Nurses' behaviors and visual scanning patterns may reduce patient identification errors.

Jenna L Marquard1, Philip L Henneman, Ze He

  • 1College of Engineering, 120G Marston Hall, University of Massachusetts, 160 Governors Drive, Amherst, MA 01003-2210, USA.jlmarquard@ecs.umass.edu

Journal of Experimental Psychology. Applied
|September 28, 2011
PubMed
Summary
This summary is machine-generated.

Nurses who successfully identified patient identification errors completed medication tasks efficiently and scanned information across multiple sources.

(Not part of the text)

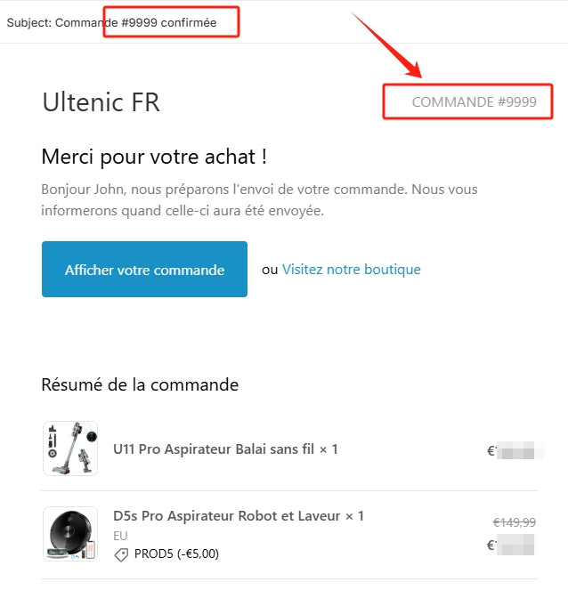 Option 2: Après avoir passé une commande avec succès, nous vous enverrons un e-mail de confirmation à votre boîte de réception, où vous pourrez trouver votre numéro de commande.
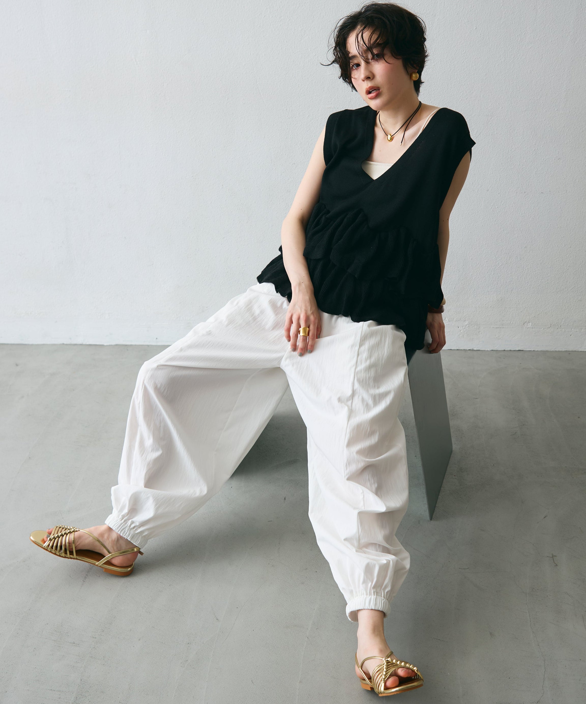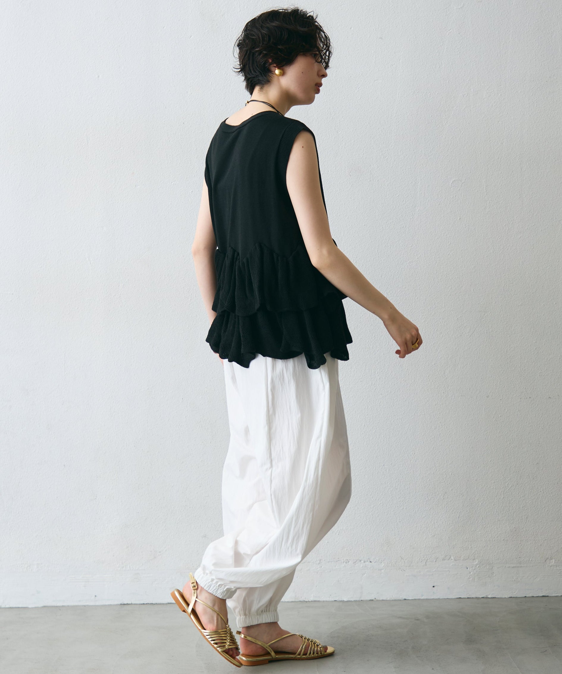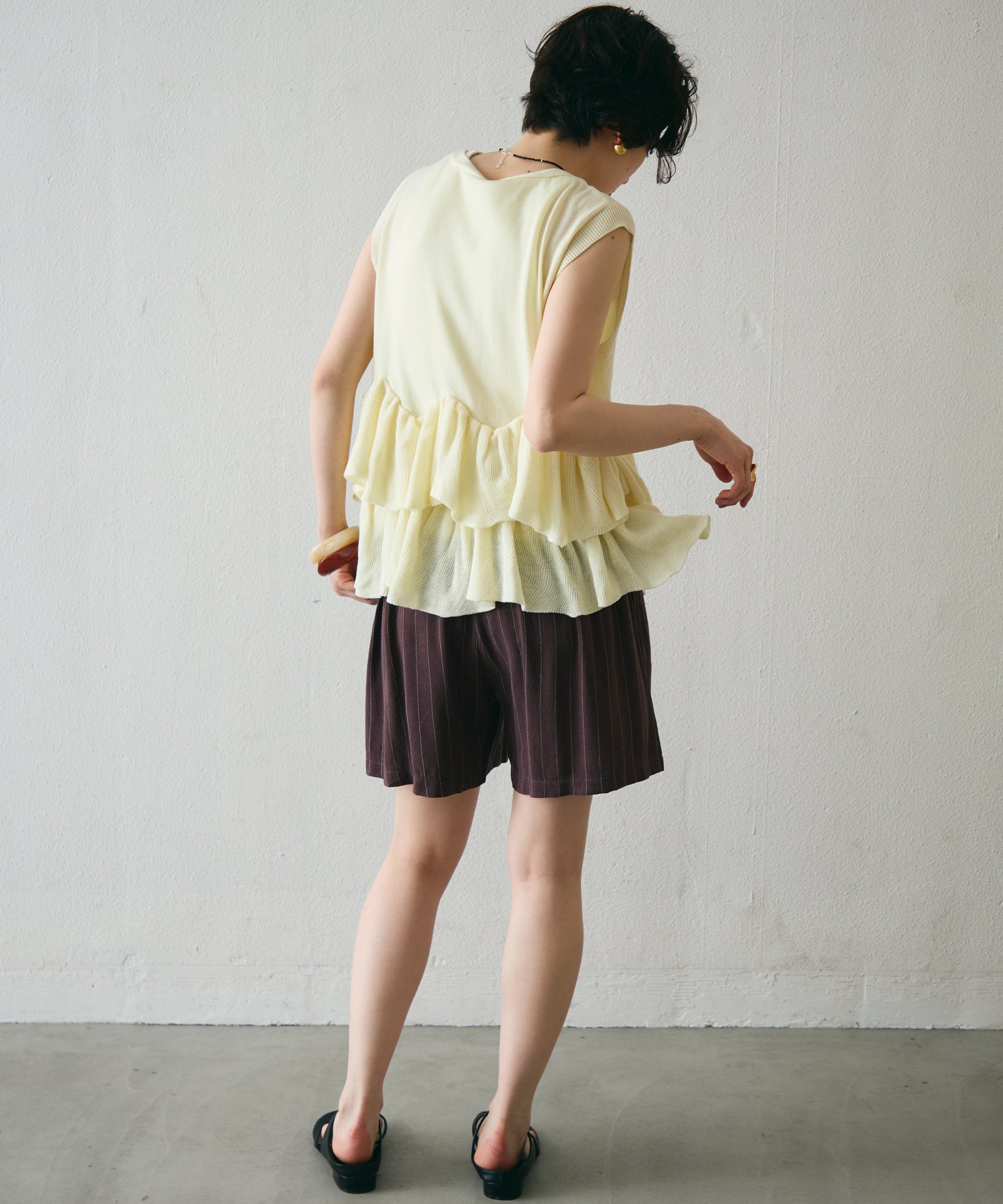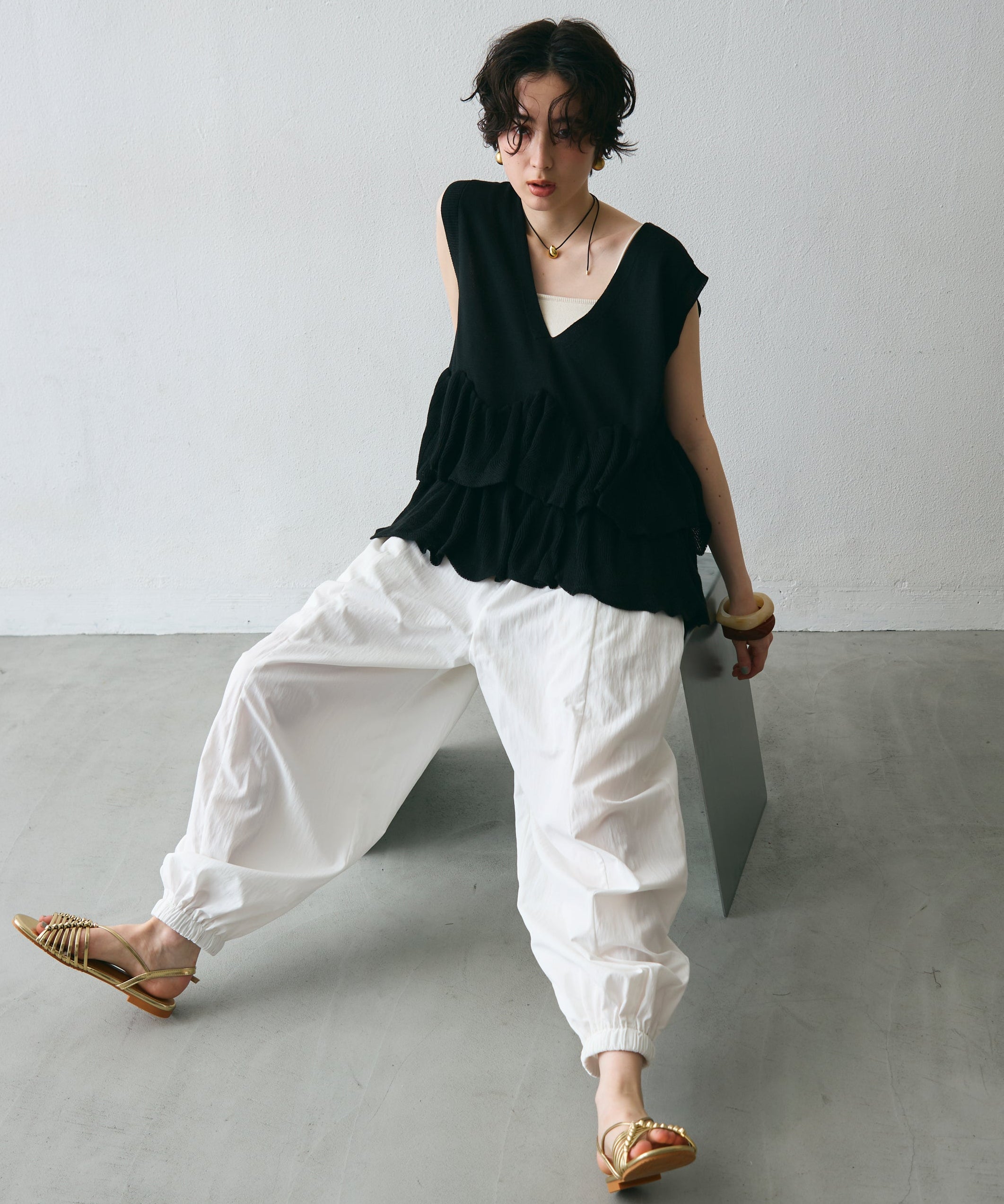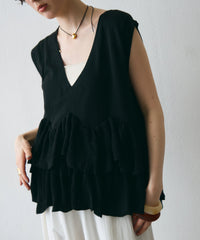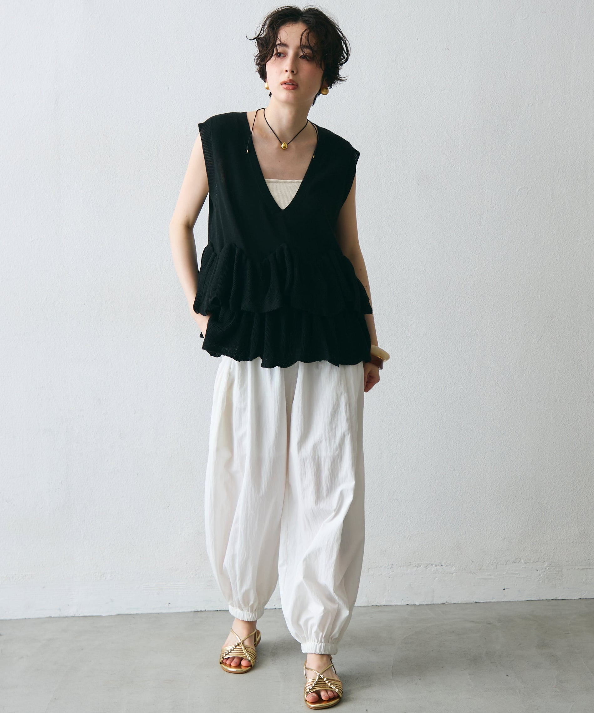 アシンメトリーにあしらったフリルが、上品な華やかさを添えるニットベスト。

Those who missed errors engaged in more off-topic conversations and had less predictable scanning patterns.

Related Experiment Videos

Area of Science:

  • Nursing Practice
  • Patient Safety
  • Human Factors Engineering

Background:

  • Patient identification errors during medication administration pose significant risks.
  • Effective nurse behaviors and scanning patterns are crucial for preventing these errors.

Purpose of the Study:

  • To investigate how nurses' behaviors and visual scanning patterns impact their ability to detect patient identification errors.
  • To identify specific behavioral and visual cues associated with successful error identification.

Main Methods:

  • Twenty nurses participated in a simulated medication administration task with an embedded patient identification error.
  • Eye-tracking technology and behavioral analysis were used to record scanning patterns and process interruptions.

Main Results:

  • Nurses identifying errors completed tasks efficiently and exhibited broader scanning across patient ID band, chart, and medication labels.
  • Non-error-identifying nurses showed increased off-topic conversations and less consistent fixation patterns on key information sources.
  • Error-identifying nurses demonstrated more predictable eye fixation sequences compared to random patterns in non-error-identifying nurses.

Conclusions:

  • Nurse training should focus on developing systematic scanning behaviors and minimizing process interruptions.
  • Technological tools supporting nurses' medication administration process may benefit from design considerations informed by these findings.